** Problem details **
Only some lines are wanted: please transcribe exactly those from the one containing "Dackel mit Eimer, um" through the end of the data, pictures excluded.

** Information shown **
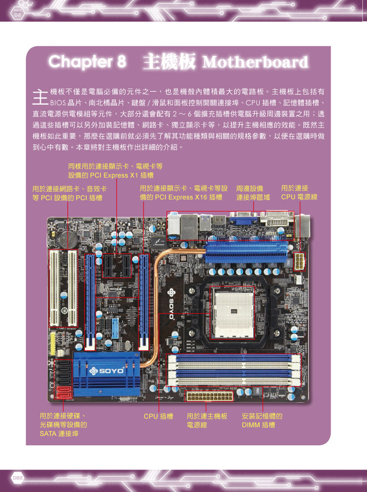 Part I|透視電腦配備Chapter 1 螢幕1-1 認識螢幕1-2 確認個人需求1-3 螢幕採購指南Chapter 2 鍵盤與滑鼠2-1 認識鍵盤與滑鼠 2-2 了解青/紅/黑/茶軸機械鍵盤2-3 確認個人需求2-4 鍵盤與滑鼠採購指南Chapter 3 機殼與電源供應器3-1 認識機殼與電源供應器3-2 認識個人需求3-3 機殼與電源供應器採購指南Chapter 4 光碟機與燒錄機4-1 認識DVD與藍光光碟機/燒錄機 4-2 燒錄片種類及選購4-3 確認個人需求4-4 藍光光碟機/燒錄機採購指南Chapter 5 喇叭、麥克風、視訊裝置5-1 了解喇叭的聲道區別與種類 5-2 認識麥克風5-3 了解視訊裝置的種類及畫素5-4 確認個人需求5-5 喇叭、麥克風、視訊裝置採購指南Chapter 6 掃描器、印表機、多功能事務機6-1 認識掃描器6-2 認識印表機6-3 認識多功能事務機6-4 主流印表機介紹6-5 確認個人需求6-6 掃描器、印表機、多功能事務機採購指南Part II|透視電腦主機裡的各種零組件Chapter 7 中央處理器 CPU7-1 認識CPU7-2 CPU的規格與技術指標7-3 CPU選購指南7-4 漫談CPU7-5 CPU與主機板搭配的注意事項Chapter 8 主機板 Motherboard8-1 認識主機板8-2 主機板採購指南Chapter 9 記憶體 RAM9-1 認識記憶體9-2 記憶體採購指南Chapter 10 硬碟機 Hard Disk10-1 認識硬碟10-2 主流硬碟介紹10-3 硬碟採購指南Chapter 11 顯示卡Display/Graphic Card11-1 認識顯示卡11-2 多顯示卡注意事項11-3 顯示卡採購指南Chapter 12 音效卡 Sound Card12-1 認識音效卡12-2 音效卡採購指南Chapter 13 無線網路設備13-1 認識網路設備 13-2 無線網路卡/路由器採購指南 Part III|開始DIY讓電腦動起來Chapter 14 DIY準備階段14-1 初識電腦DIY流程 14-2 組裝工具準備Chapter 15 安裝CPU及散熱風扇15-1 安裝Intel CPU與散熱風扇 15-2 安裝AMD CPU與散熱風扇Chapter 16 安裝記憶體16-1 安裝記憶體注意事項 16-2 安裝記憶體Chapter 17 拆除機殼17-1 拆除機殼注意事項17-2 拆除機殼流程Chapter 18 安裝主機板18-1 安裝主機板前確認事項18-2 安裝主機板18-3 安裝主機板注意事項Chapter 19 安裝光碟機/燒錄機19-1 安裝光碟機/燒錄機注意事項19-2 光碟機/燒錄機的安裝流程Chapter 20 安裝硬碟20-1 安裝硬碟注意事項20-2 開始安裝硬碟機20-3 安裝固態硬碟Chapter 21 安裝電源供應器21-1 安裝電源供應器注意事項21-2 安裝電源供應器Chapter 22 接上機殼訊號線及主機板電源線22-1 安裝機殼訊號線22-2 安裝主機板電源線Chapter 23 安裝獨立顯示卡23-1 安裝獨立顯示卡注意事項23-2 安裝PCI-E顯示卡Chapter 24 裝回機殼並安裝鍵盤和滑鼠24-1 安裝機殼側板注意事項24-2 安裝機殼側板24-3 USB鍵盤與滑鼠的安裝流程Chapter 25 連接螢幕訊號線到主機25-1 安裝螢幕訊號線的注意事項25-2 安裝螢幕訊號線25-3 連接機殼電源線與螢幕電源線 Chapter 26 安裝其他周邊裝置26-1 連接喇叭、麥克風、視訊攝影機26-2 連接其他周邊裝置Chapter 27 硬體初始化設定及簡易故障排除27-1 開機測試27-2 電腦檢測與故障排除Part IV|系統安裝、更新與防護Chapter 28 安裝作業系統28-1 安裝Windows 728-2 安裝Windows 828-3 更快的安裝系統Chapter 29 安裝驅動程式29-1 何謂驅動程式?29-2 安裝驅動程式Chapter 30 備份純淨的系統30-1 系統備份與還原30-2 製作系統還原點30-3 製作系統修復光碟30-4 用修復光碟還原修復系統Chapter 31 連接網路、更新系統31-1 準備網路線31-2 上網設定31-3 系統軟體更新Chapter 32 安裝防毒軟體32-1 認識電腦病毒、駭客、後門程式32-2 主流防毒軟體概述32-3 取得免費防毒軟體32-4 安裝與設定防毒軟體Part V|硬體檢測維護自己來Chapter 33 檢測與維護硬體33-1 掌握硬體資訊33-2 硬體維護33-3 檢測電腦元件33-4 檢測電腦穩定性-燒機Chapter 34 加速與維護作業系統34-1 七大技巧加速Windows 734-2 完善系統防護體系34-3 維護磁碟34-4 移除不需要的程式/軟體Chapter 35 DIY大補丸35-1 DIY採購技巧35-2 2012主機配置參考35-3 電腦周邊裝置概覽35-4 裝機必備軟體35-5 免費下載常用軟體與安裝Chapter 36 常見系統/軟體故障排解36-1 Windows 7無法啟動36-2 系統經常出現藍色當機畫面36-3 防毒軟體突然失去作用,也無法存取其官方網站36-4 發送或接收郵件時出現「0x800ccc0D、0x800ccc0E、0x800CCC0F」的錯誤訊息36-5 舊版軟體無法在Windows 7中安裝或執行
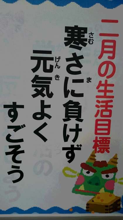 ・生活指導:今月の目標「寒さに負けず元気よくすごそう」
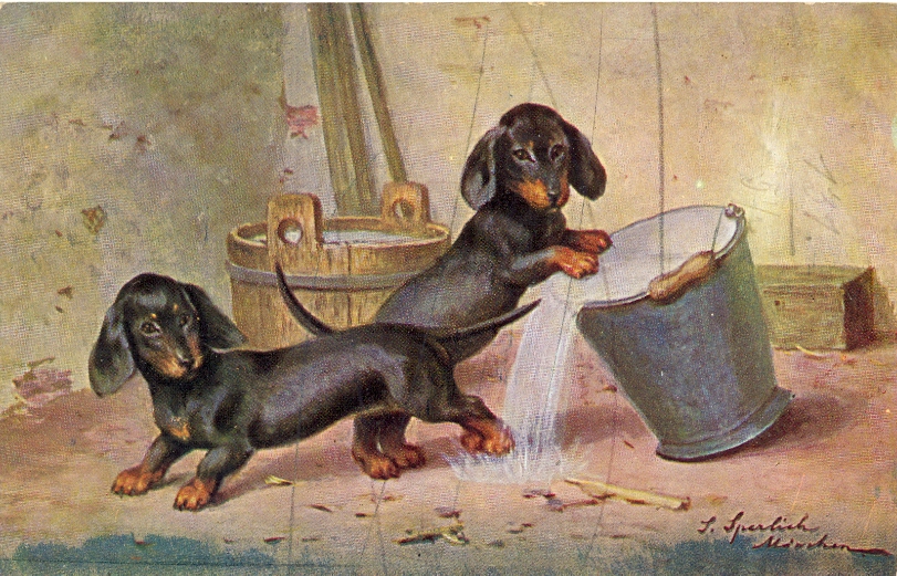 Dackel mit Eimer, um 1910, nicht beschriftet, nicht gelaufen, etwas eck- u. randbestossen, kleinere Altersspuren.
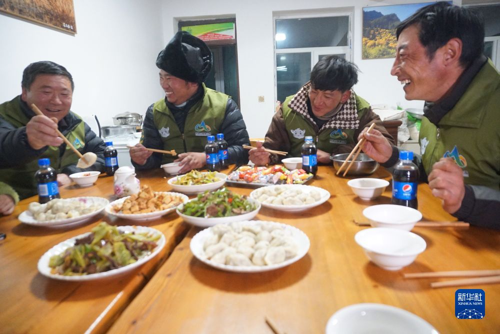 1月14日晚,管護(hù)員們在一起吃餃子。新華社記者 周盛盛 攝

** Expected answer **
 Dackel mit Eimer, um 1910, nicht beschriftet, nicht gelaufen, etwas eck- u. randbestossen, kleinere Altersspuren.
 1月14日晚,管護(hù)員們在一起吃餃子。新華社記者 周盛盛 攝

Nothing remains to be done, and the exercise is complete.